Wednesday, March 7, 2012

Pissy Fucking Mood

Let me start by saying, this is not directed at anyone in particular, but I am in a pissy fucking mood and I need to vent some how.

I feel about ready to blow the fuck up and unleash all this pent up hurt, and anger! 

However, I am me, so I will not. I will keep my big fucking mouth shut, and pretend everything is okay. 

IT ISN"T OKAY! NOTHING IS FUCKING OKAY!!!!!!! NOTHING!!!!!!!

I cannot continue to fake being strong, and that things aren't getting to me.

I cannot be the rock all the time. 

I need to fucking cry, and question, and be held, and just let my emotions go. 

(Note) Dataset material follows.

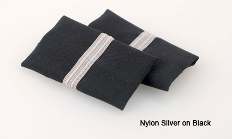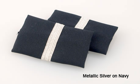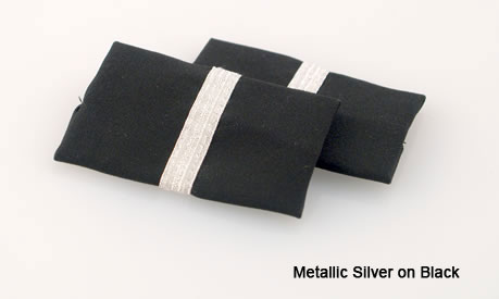 The board for these epaulets are made of 100% Polyester and the finest braided bars available. Epaulets are available with a Black or Navy base and a Metallic Gold, Metallic Silver, Nylon Gold, Nylon Silver, or nylon white stripe. Price per pair. |

I have held them in so long that at this point I think most people think I am a fucking emotionless robot. Sure I guess I show some on a regular basis, such as happiness, and joy, but the bad ones stay locked up and I CAN"T FUCKING HOLD THEM IN ANYMORE!


FUCK 

I hate this, and right now the only way I can vent is by writing on the stupid fucking blog that I don't even give a damn about, and most of my fucking readers don't even speak English, and wouldn't know me if they tripped over me and visa versa. I just need to write this and try to get it out of my mind and out of the prison I keep all of these emotions in. 

Even if I did start to talk about them, NOBODY WOULD FUCKING LISTEN! 

I am the sounding board, and never have one when I need one! 

I need a fucking shoulder to fall apart on. But, no that makes me selfish doesn't it?

Fuck this, I don't even know what the fuck I am saying other than nobody gives a shit, and I am pissed the fuck off at fucking everything!

1 comment:

  1. Sorry hun hopefully things get better for you! Just keep you head up high and stay strong!